In 2005, a court convicted Khodorkovsky and his business associate, Platon Lebedev, on charges of fraud and tax evasion, handing them eight-year prison terms. The European Court of Human Rights ruled in 2013 that there was not enough evidence to prove charges were brought only for political reasons, but it also acknowledged that some officials “had their own reasons to push” for Khodorkovsky’s prosecution. The court also found, among other flaws in the case, that the authorities pressured Khodorkovsky’s lawyers.

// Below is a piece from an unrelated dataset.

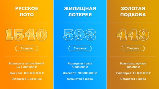 Анонс на 7 апреля: Русское лото, Жилищная лотерея, Золотая подкова

In 2007, the state pressed new theft and embezzlement charges against Khodorkovsky and Lebedev, just as they approached eligibility for parole. They were convicted in 2010, in a trial that was a terrible blow to the rule of law in Russia, and sentenced to 14 years, to run simultaneously with their 2005 sentence.

Few within and beyond Russia expressed any doubt that the second set of charges was politically motivated. There were serious flaws in the charges, allegations that the court tolerated serious procedural errors, and evidence suggesting that government investigators engaged in intimidation, harassment, beating, and denial of necessary medical treatment to witnesses and defense attorneys.

Ten years ago, Khodorkovsky’s arrest and prosecution came just as the Kremlin started dismantling checks and balances on central executive power, including the independent broadcast media, liberal parliamentary opposition, and direct election of regional governors, and, eventually, NGOs. Now, after a lull during the Medvedev interregnum, a new crackdown seeks to lay waste to Russia’s civil society, with demonization of NGOs, new restrictions on public demonstrations, arrests of activists, re-criminalization of libel, and a smear campaign against government critics that eerily echoesthe Soviet past.

After several rounds of appeals, their prison terms for the 2010 charges were reduced by three years, making Khodorkovsky due for release in August, and Lebedev, in May 2014. But even if they were released immediately, the dark cloud that has hung over this case – and now over much of Russia – would not be lifted.